SUPPLIED INFORMATION
+++
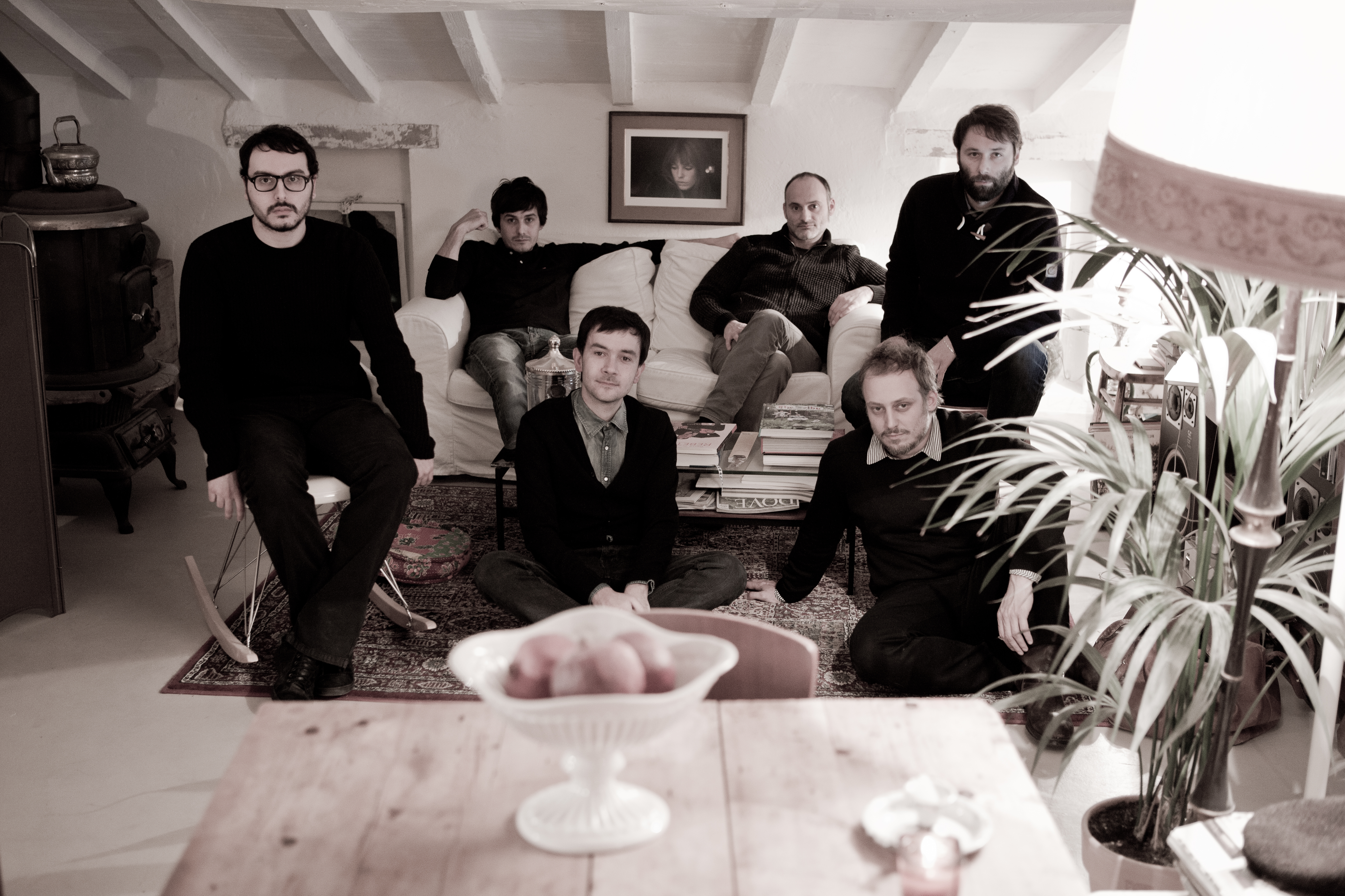 Giardini di miro', picture by matteo serri
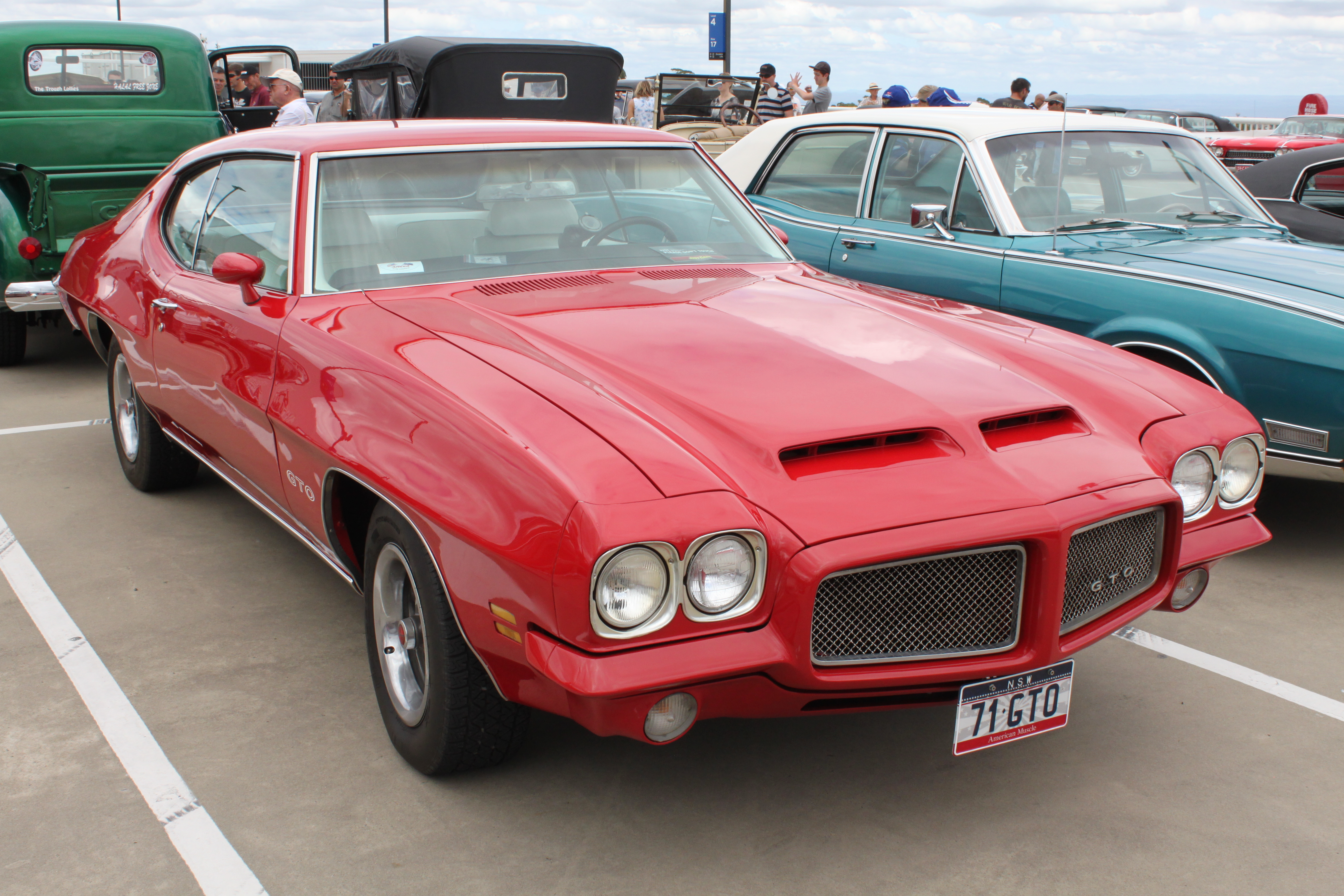 All American Car Show, Castle Hill, NSW January 2016
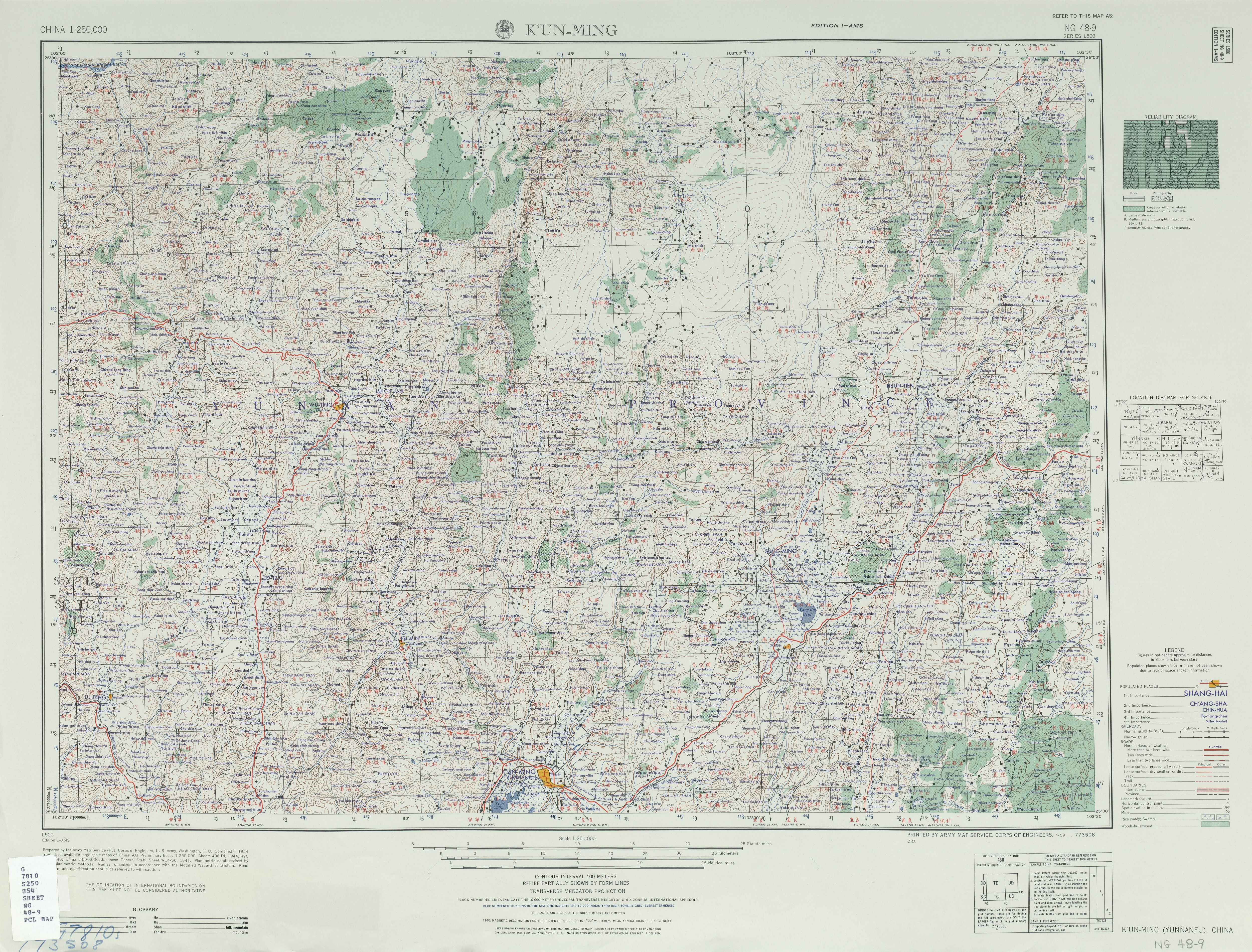 China AMS Topographic Maps
+++
TASK DETAILS
Please output the material above unchanged, apart from removing the pictures.

SOLUTION FOR THIS PROBLEM
 Giardini di miro', picture by matteo serri
 All American Car Show, Castle Hill, NSW January 2016
 China AMS Topographic Maps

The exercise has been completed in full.